Your instructions — For the entries below, repeat exactly each line starting with the one that contains "The patty, which" and going on through the one that contains "A Design de", and no others.

Recorded information section start

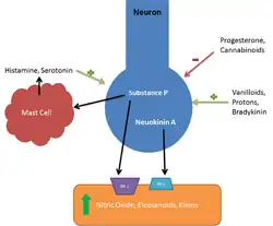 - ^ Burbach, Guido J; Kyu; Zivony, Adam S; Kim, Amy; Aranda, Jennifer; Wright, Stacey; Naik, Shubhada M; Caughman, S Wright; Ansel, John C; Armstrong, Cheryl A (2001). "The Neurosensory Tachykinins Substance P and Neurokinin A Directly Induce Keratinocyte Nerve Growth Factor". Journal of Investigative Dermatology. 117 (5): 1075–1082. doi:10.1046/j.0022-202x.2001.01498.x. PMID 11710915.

Recorded information section end
Recorded information section start

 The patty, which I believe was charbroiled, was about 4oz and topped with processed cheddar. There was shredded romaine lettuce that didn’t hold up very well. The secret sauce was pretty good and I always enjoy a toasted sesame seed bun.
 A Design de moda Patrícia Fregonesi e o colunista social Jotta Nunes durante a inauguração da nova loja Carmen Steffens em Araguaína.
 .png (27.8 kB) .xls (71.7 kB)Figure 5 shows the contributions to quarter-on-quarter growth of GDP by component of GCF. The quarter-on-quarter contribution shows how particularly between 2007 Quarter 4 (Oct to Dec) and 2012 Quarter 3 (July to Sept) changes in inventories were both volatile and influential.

Recorded information section end

Reply —
 The patty, which I believe was charbroiled, was about 4oz and topped with processed cheddar. There was shredded romaine lettuce that didn’t hold up very well. The secret sauce was pretty good and I always enjoy a toasted sesame seed bun.
 A Design de moda Patrícia Fregonesi e o colunista social Jotta Nunes durante a inauguração da nova loja Carmen Steffens em Araguaína.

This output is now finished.